Foi uma linguagem, de certa forma, imprópria para uma norma legal, mas foi o resultado da discussão tripartite e isso foi respeitado.
Passados alguns anos, não vemos nas nossas cidades, na área de distribuição, nenhuma atenção a esse item normativo. Paradoxalmente, fomos encontrar no sul do Estado do Pará, em plena floresta amazônica, uma instalação dentro dos parâmetros estabelecidos pela norma (veja figura a seguir). Parabéns à empresa que investiu em segurança.
Figura 1 – Instalação no sul do Pará em conformidade com a NR 10.
É certo que este item na NR 10 não foi uma invenção do grupo GT-10, mas sim um aproveitamento de uma exigência constante dos manuais de concessionárias quanto à existência desses dispositivos nos postos de entrada , blindados, em média tensão.

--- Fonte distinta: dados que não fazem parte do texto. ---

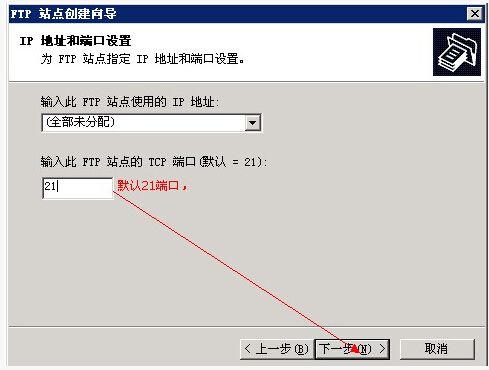 把FTP和對應(yīng)的站點IP關(guān)聯(lián)起來,默認(rèn)的FTP服務(wù)占用端口 21
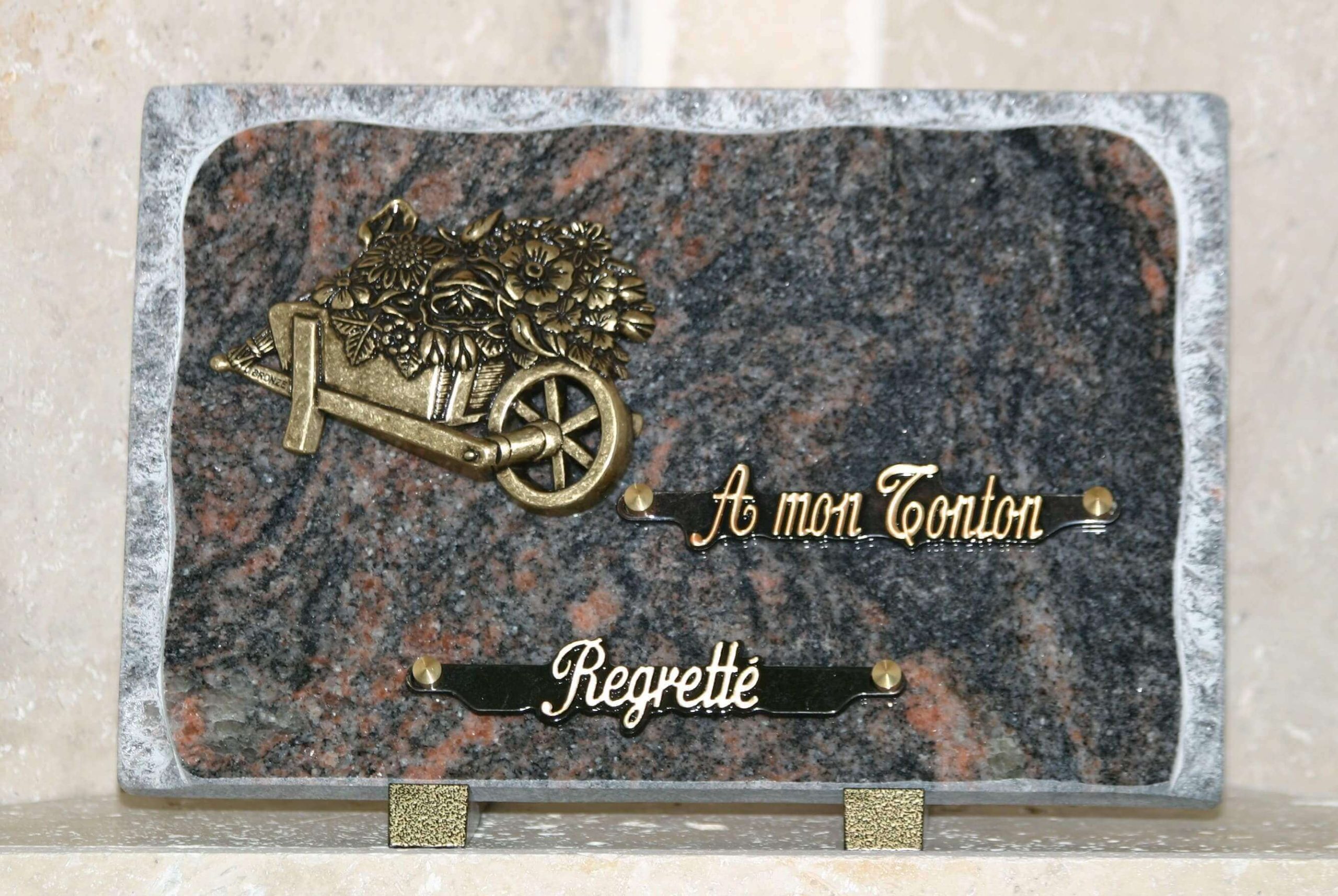 Plaque granit rose éclaté bronze brouette de fleurs

Este dispositivo de manobra, nada mais é do que a automatização do processo de desenergização, preconizado e detalhado passo a passo no item 10.5.1. da norma, reservada naturalmente à necessidade de constatação da ausência de tensão. Esse processo de desenergização é resumido em cinco itens de segurança que sintetizamos a seguir:
Alguns fabricantes, atentos a essa nova “exigência” ou recomendação, já que o texto transformou a exigência legal em aconselhamento, desenvolveram recursos em equipamentos existentes em suas linhas de produção, os quais, devidamente adaptados, passaram a oferecer essas funções, citadas na norma, para circuitos de baixa tensão.
É certo que as dimensões desses dispositivos aumentam, ocupando mais espaço nos quadros elétricos, o que não convida à sua utilização e foi com certa tristeza que pudemos observar na última edição do CINASE, em Fortaleza, que um dos expositores, que saiu na frente e desenvolveu esse produto para circuitos de baixa tensão, talvez por um descuido, não o apresentou na exposição.
Uma vantagem desse dispositivo é o estabelecimento de um sistema (alternativo), em que só se consegue reenergizar por meio do mesmo dispositivo, com a movimentação das suas facas ou contatos solidários, da posição de desligado/aterrado para a posição de ligado.
A próxima etapa do CINASE será em Belém (PA). Vamos torcer para que, entre os produtos apresentados pelos patrocinadores, estejam enfatizados também aqueles destinados à segurança dos trabalhadores com eletricidade.